In [1]:
%pip install matplotlib 
%pip install spicy
import numpy as np
import matplotlib.pyplot as plt
import pandas as pd
from scipy.stats import ttest_ind
import os 
from statsmodels.stats.multitest import multipletests

downloads_folder = os.path.expanduser('~') + '/Downloads/'
ruta_archivo = os.path.join(downloads_folder, 'Cpvalues.xlsx')
data=pd.read_excel(ruta_archivo)


# Assuming df is your DataFrame with loaded data
# Replace 'your_file.csv' with the actual file path or DataFrame name
# For instance, you can read a CSV file using: df = pd.read_csv('your_file.csv')

# Extract Cp values
cp_values = data.iloc[3:, 2:].astype(float)



# Calculate the mean for each column
column_means = cp_values.mean(axis=0)

# Subtract the mean of each column from the Cp values to get dCp values
df_dcp = cp_values.sub(column_means, axis=1)

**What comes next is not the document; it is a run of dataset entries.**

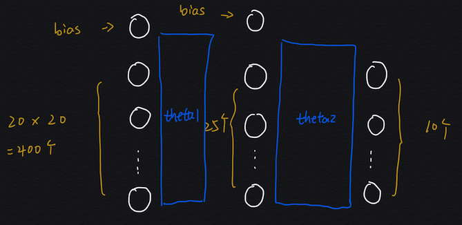 - 隐藏层(25):隐藏层 25 个节点,同样还有一个偏置单元没算在内
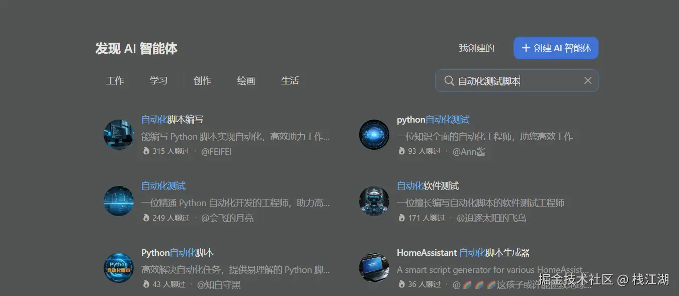 传统测试方式自动化测试的门槛还是很高的,有了AI之后,就直接找个AI就可以写了。当然还有大量的智能体就可以协助我们完成自动化测试脚本。
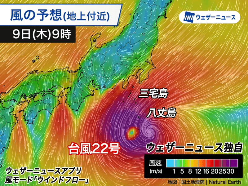 また、進路から離れていても高気圧との気圧差が大きく、本州でも風が強く吹く可能性があります。詳細は台風情報でご確認ください。
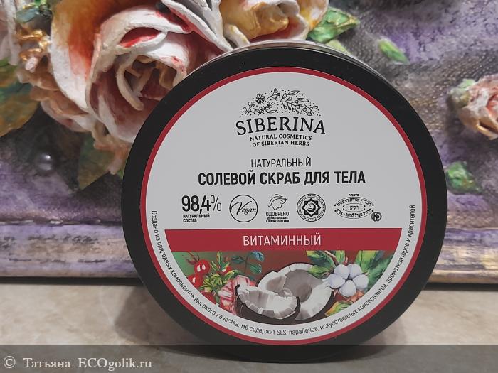 В этом отзыве поделюсь впечатлением об использовании такого скраба - Солевого скраба для тела "Витаминный" SIBERINA
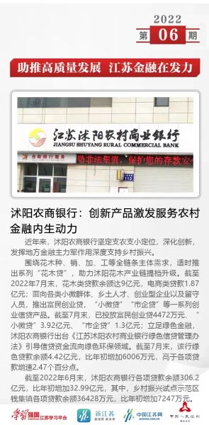 围绕花木种、销、加、工等全链条主体需求,适时推出系列“花木贷”,助力沭阳花木产业链提档升级。截至2022年7月末,花木类贷款余额达9亿元,电商类贷款1.87亿元;面向各类小微群体、乡土人才、创业型企业以及留守人员,推出富民创业贷,“小微贷”“市企贷”等一系列创业信贷产品。截至7月末,已投放富民创业贷4472万元、“小微贷”3.92亿元、“市企贷”1.3亿元;立足绿色金融,沭阳农商银行出台《江苏沭阳农村商业银行绿色信贷管理办法》引导信贷资金流向绿色环保领域。截至7月末,该行绿色贷款余额4.42亿元,比年初增加6006万元,高于各项贷款增速2.47个百分点。
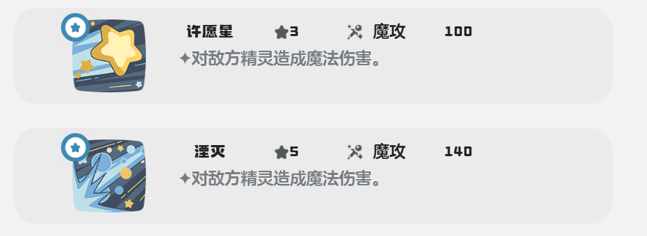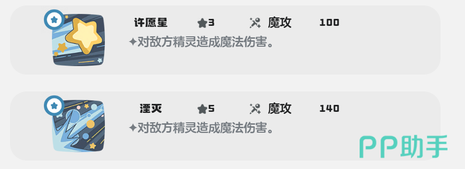 魔攻的话可选择的技能为湮灭+魔法增效+n恩娘炮+许愿星这一套组合。这一套组合种可以把许愿星堪称时单体攻击技能,先用魔法增效提高自身80%的魔攻的效果,用许愿星对单体进行100点的猛烈的攻击,随后能量炮补伤害能量炮使用后能连续进行2次攻击,最后用湮灭来一波收割就可以了。

# Divide dCp values into different groups
control_group_dcp = df_dcp.iloc[:, :9]
moderate_group_dcp = df_dcp.iloc[:, 9:20]
severe_group_dcp = df_dcp.iloc[:, 20:]

# Replace column names with sample names
sample_names = ["Gene", "Position"] + ["sample1", "sample2", "sample3", "sample4", "sample5", "sample6", "sample7", "sample8", "sample9",
                                        "sample10", "sample11", "sample12", "sample13", "sample14", "sample15", "sample16", "sample17", "sample18",
                                        "sample19", "sample20", "sample21", "sample22", "sample23", "sample24", "sample25", "sample26", "sample27",
                                        "sample28", "sample29"]

# Assign the sample names to the columns of the result_df_grouped_dcp DataFrame
df_dcp.columns = sample_names[2:]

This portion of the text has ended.